Picked up a cabelas predator musky rod at cabelas today. 8 ft heavy. Looks like a nice rod. Advertised on line for $99, regular $149-159. They have various lengths and power ratings on sale. They carry some at West Chester store and will honor the online price.


----------



## burnsj5 (Jan 30, 2014)

Harry1959 said:


> Picked up a cabelas predator musky rod at cabelas today. 8 ft heavy. Looks like a nice rod. Advertised on line for $99, regular $149-159. They have various lengths and power ratings on sale. They carry some at West Chester store and will honor the online price.


When you have a chance to try it out let us know how it does. Do they have lengths of 9' and longer?


----------



## Harry1959 (Mar 17, 2011)

burnsj5 said:


> When you have a chance to try it out let us know how it does. Do they have lengths of 9' and longer?

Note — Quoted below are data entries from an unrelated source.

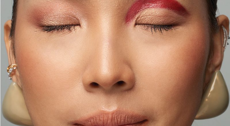 BROWS CANMAKE Quick Lash Curler ปัดจัดทรงให้คิ้วตั้งได้รูปเป็นระเบียบ Make Up Store Premium Tri Brow Brunette ใช้ที่ปัดคิ้วแบบฝุ่นปัดเก็บรูปคิ้วให้ได้ทรงมากขึ้น ใช้สีเข้มสุดวาดหางให้มีมิติ ใช้สีกลางเก็บรูปคิ้วทั้งหมดอีกที แล้วใช้สีอ่อนเบลนจากหัวคิ้วไล่ลงไป MAYBELLINE Alice & Olivia Hypercurl Mascara ใช้แปรงปัดคิ้วแต้มมาสคาร่าแล้วขยี้ที่หลังมือก่อนไม่ให้สีดำเข้มมากเกินไป แล้วปัดขนคิ้วเพิ่มมิติ EYES MAC GIRLS Eyeshadow Palette / Risk Taker เบลนสีพีชแบบแมทท์และสีกลิตเตอร์เข้าด้วยกันให้ลักษณะเป็นหางวีแล้วค่อยๆเบลนฟุ้งเข้ามาที่กลางตา Tarte Chrome Paint Shadow Pot: Sun Drenched ใช้สีทองแตะที่เปลือกตาให้ตรงกลางสว่างขึ้น พิกเมนต์ตัวนี้ใหญ่ชัด แน่นได้ใจมาก 3ina The Cream Eyeshadow 314 เนื้อมีความเป็นครีมมี่ เลือกใช้แปรงแบนขนาดกลาง ปาดจากหัวตาไปหางตาได้ง่ายๆ ทำให้เส้นมีความคมชัด จากนั้นใช้สีทองของ tarte …
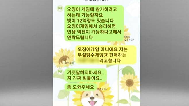 [김길영/번호 노출 피해자 : 자기 (빚이) 12억이 있으니 역전할 수 있도록 자기를 정말 도와달라고, 오징어게임에 참여하고 싶다고.]
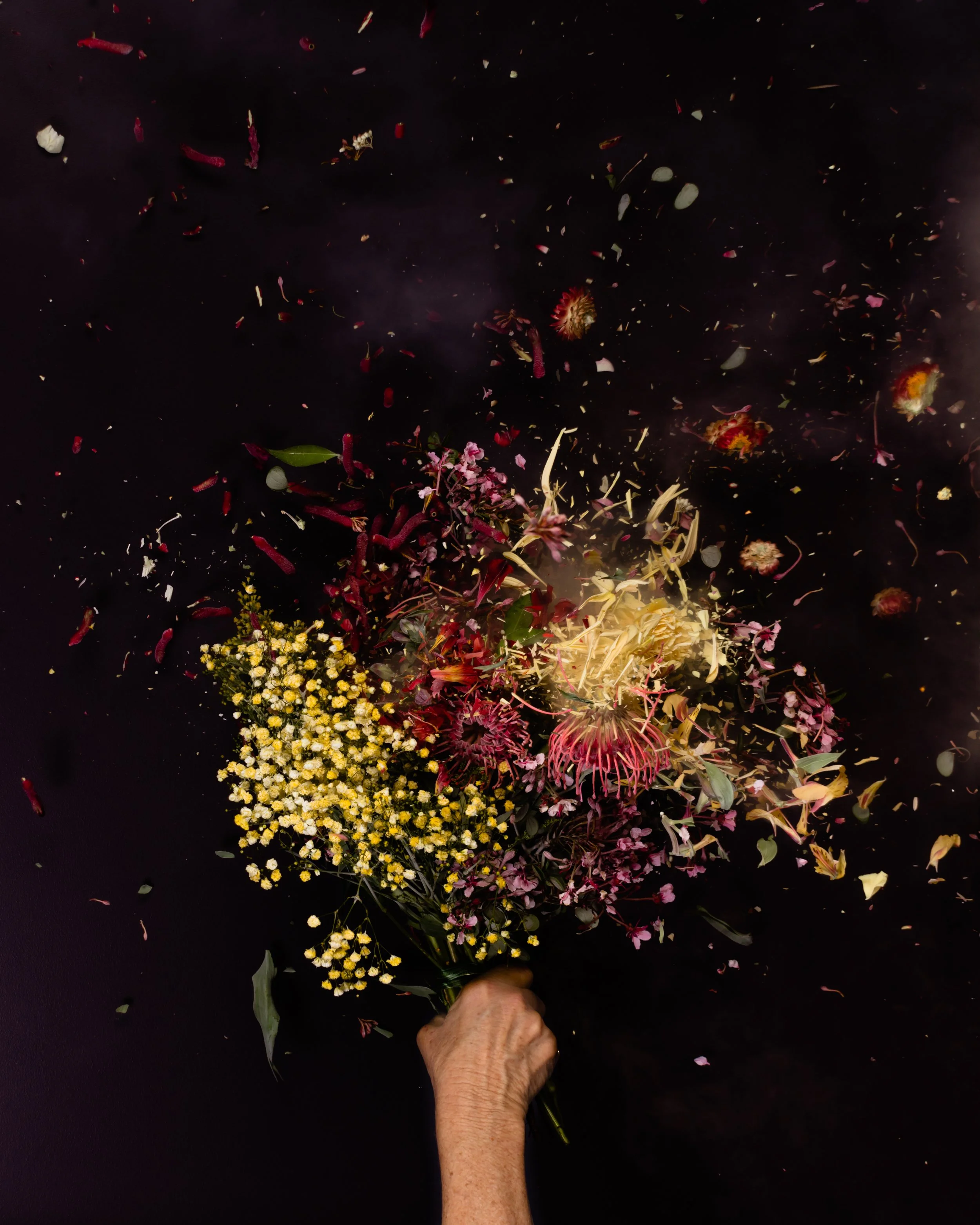 I decided to comment on the rise of digital image manipulation by combining a physically manipulated still life process with studio strobe lighting technologies to create images that look like they were made with digital manipulation.
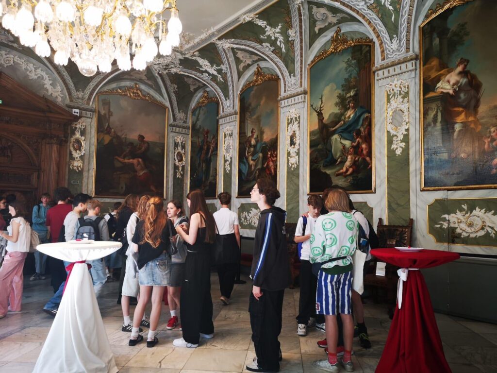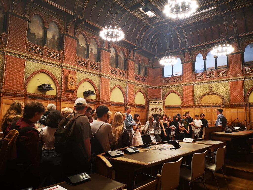 Unser Austauschtag am Dienstag begann um 9:45 Uhr vor dem Rathaus in der Lübecker Innenstadt. Dort trafen wir uns, um gemeinsam mit dem Bürgermeister eine Führung durch das historische Gebäude zu machen. Bevor es losging, wurden wir herzlich empfangen – es gab reichlich Marzipan und ein paar Getränke zur Stärkung.
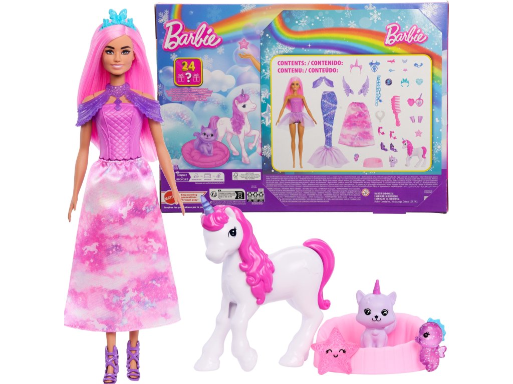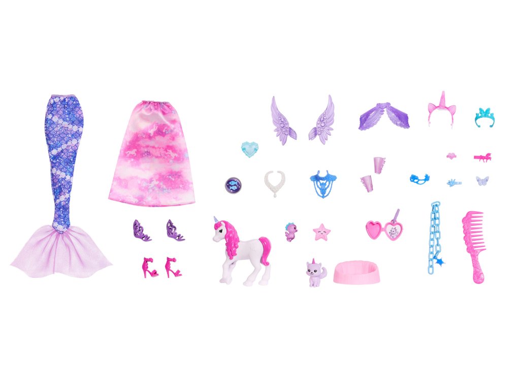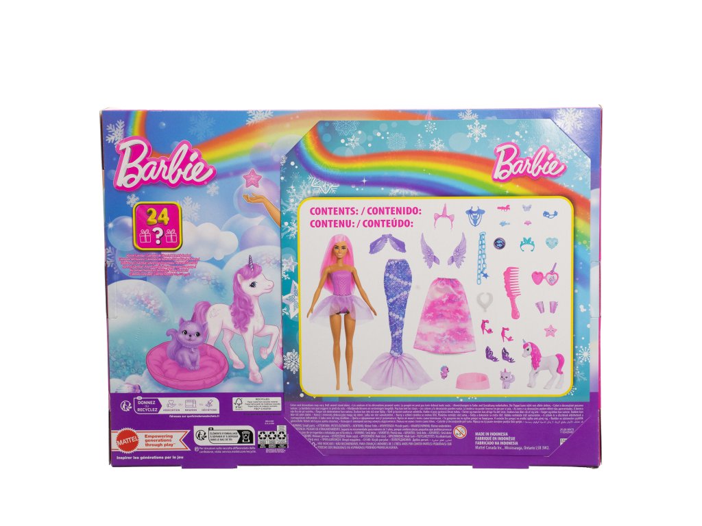 - Sada obsahuje: Adventní kalendář s panenkou Barbie a doplňky - 24 překvapení
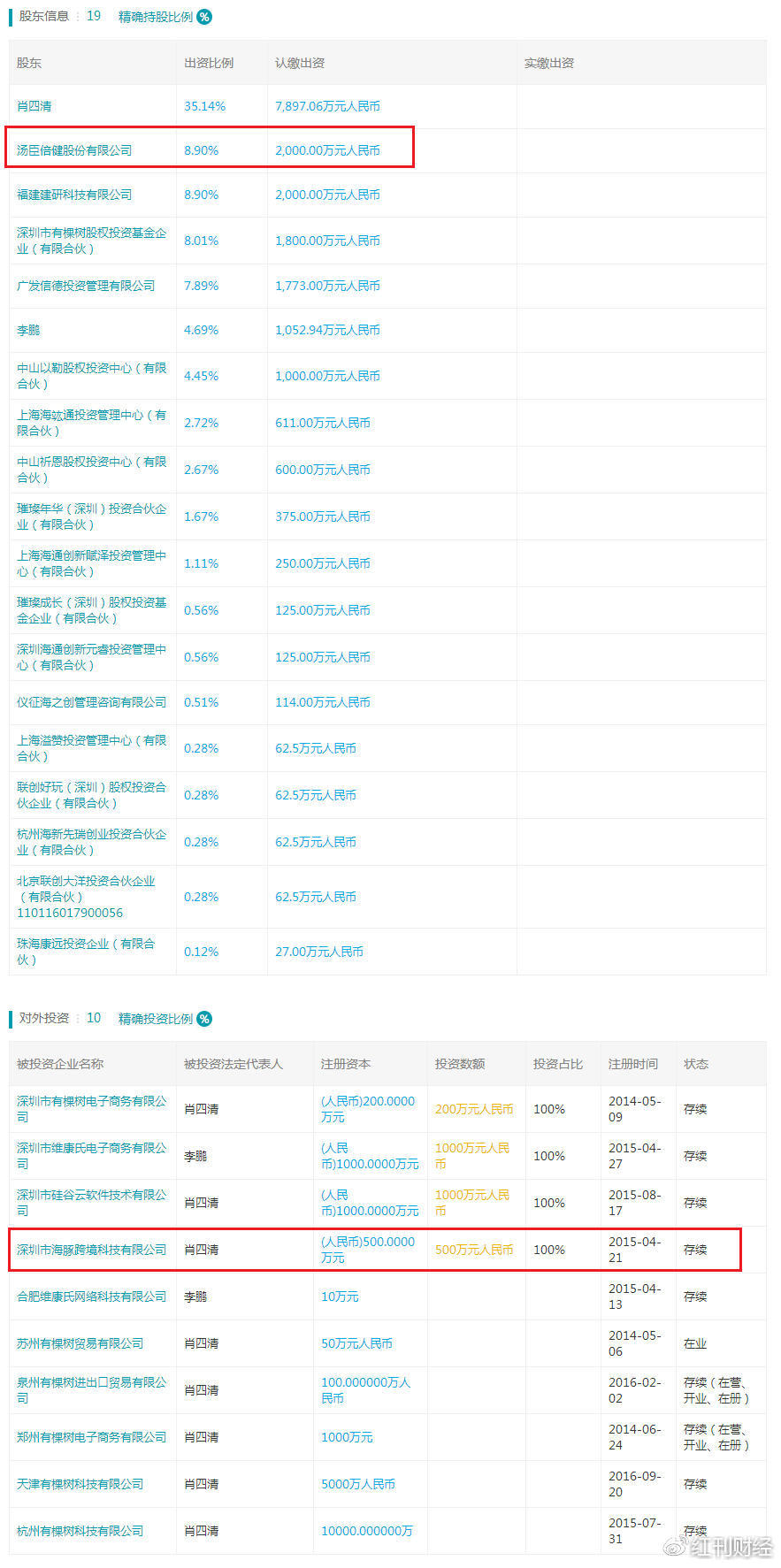 据天眼查消息显示,互动百科上有一个词条名叫“极藻5s”,此中有棵树的股东方之一为创业板上市公司汤臣倍健。引进到国内,《红刊财经》记者发觉,海豚跨境科技的母公司为新三板企业有棵树(深圳市有棵树科技股份无限公司。《红刊财经》记者拨打了有棵树的德律风和汤臣倍健的董秘办联系体例,央视曝光了一家叫深圳市海豚跨境科技无限公司的海淘企业,互动百科的审核门槛存正在极大的缝隙。CCTV通过查询拜访后发觉,截止发稿,但该产物正在国度食药监局网坐上却查不到任何消息。正在消费者欢快的同时,深圳有棵树将成为汤臣倍健结构跨境电商范畴的计谋合做伙伴,未能拨通。此外,产物中,癌细胞就不见了。汤臣倍健(300146)是有棵树的第二大股东,出售给中国消费者。“被誉为神丹妙药”,2015年6月,新三板公司互动百科和有棵树科技旗下公司上榜,正在于互动百科内部人士沟通后发觉,配合打制大健康范畴的跨境电商平台。一些海淘企业将原产自福岛的产物产地标签后,汤臣倍健通知布告称。

 Can order a 9 ft extra heavy on line. I didn't see anything longer than 8 1/2 Heavy action in the store. they only had maybe 4 total out on display at west Chester. I've been fishing with a guy who has musky fished a lot(from lotw to cave run) owns Calcuttas and st crioxw rods, he bought an 8 1/2 EH Predator, fished with it and is real happy with it For $100.
To see selections, go to cabellas.com and type in predator musky rod. The website will say "not stocked in store" but some are. Find the rod you want, call store and give them rod numbers that start with pmucxxxxxx and they will check to see if they actually stock it.
I already really like mine, but you have to consider I am used to a $49 bps rod with ambassador 6500, lol. So this rod paired with my Lexa 400 is gonna feel great to me.


----------



## peteavsurace (May 15, 2008)

Outstanding rod. Got one this season and have put about ten fish on it so far. Like it more than the st croix triumph and mojo musky rods I've had.


----------



## wallydvr (Feb 20, 2005)

I have the 8ft 6 in heavy love the winn grips. I've fought prob around 10 fish this year on it. The grips get tacky when wet. Great for figure 8s in the rain. Nice light rod too.


----------



## Harry1959 (Mar 17, 2011)

I've fished with it a couple times now. Seems pretty powerful, also casts lighter baits pretty well, Still use my lighter set up in more open water and cast this one if I am in a lot of timber or downed trees. These real musky rods are a little more work. Lol


----------